EXCERPTED RECORDS:

····················

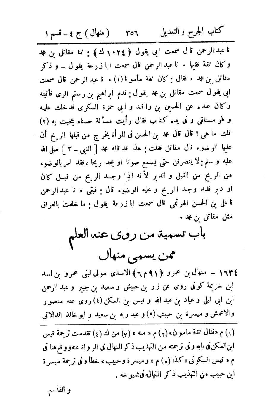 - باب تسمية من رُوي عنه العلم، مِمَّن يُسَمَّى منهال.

····················

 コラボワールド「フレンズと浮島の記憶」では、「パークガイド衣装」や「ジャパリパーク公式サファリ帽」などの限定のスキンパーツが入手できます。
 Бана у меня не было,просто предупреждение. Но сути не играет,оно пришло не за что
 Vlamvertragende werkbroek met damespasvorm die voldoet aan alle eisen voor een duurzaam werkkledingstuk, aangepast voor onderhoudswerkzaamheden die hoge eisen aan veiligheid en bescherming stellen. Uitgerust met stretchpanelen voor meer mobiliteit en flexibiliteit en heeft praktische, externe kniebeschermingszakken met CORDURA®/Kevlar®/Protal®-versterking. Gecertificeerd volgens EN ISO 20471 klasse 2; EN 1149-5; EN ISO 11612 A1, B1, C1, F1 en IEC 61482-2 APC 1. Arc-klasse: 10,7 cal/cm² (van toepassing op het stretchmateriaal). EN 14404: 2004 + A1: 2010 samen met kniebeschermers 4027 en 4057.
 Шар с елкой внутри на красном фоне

····················

WHAT YOU NEED TO DO:
Restate word for word the entries above, starting at the line with "コラボワールド「フレンズと浮" and ending at the line with "Бана у меня", inclusive, and no others.

TASK ANSWER:
 コラボワールド「フレンズと浮島の記憶」では、「パークガイド衣装」や「ジャパリパーク公式サファリ帽」などの限定のスキンパーツが入手できます。
 Бана у меня не было,просто предупреждение. Но сути не играет,оно пришло не за что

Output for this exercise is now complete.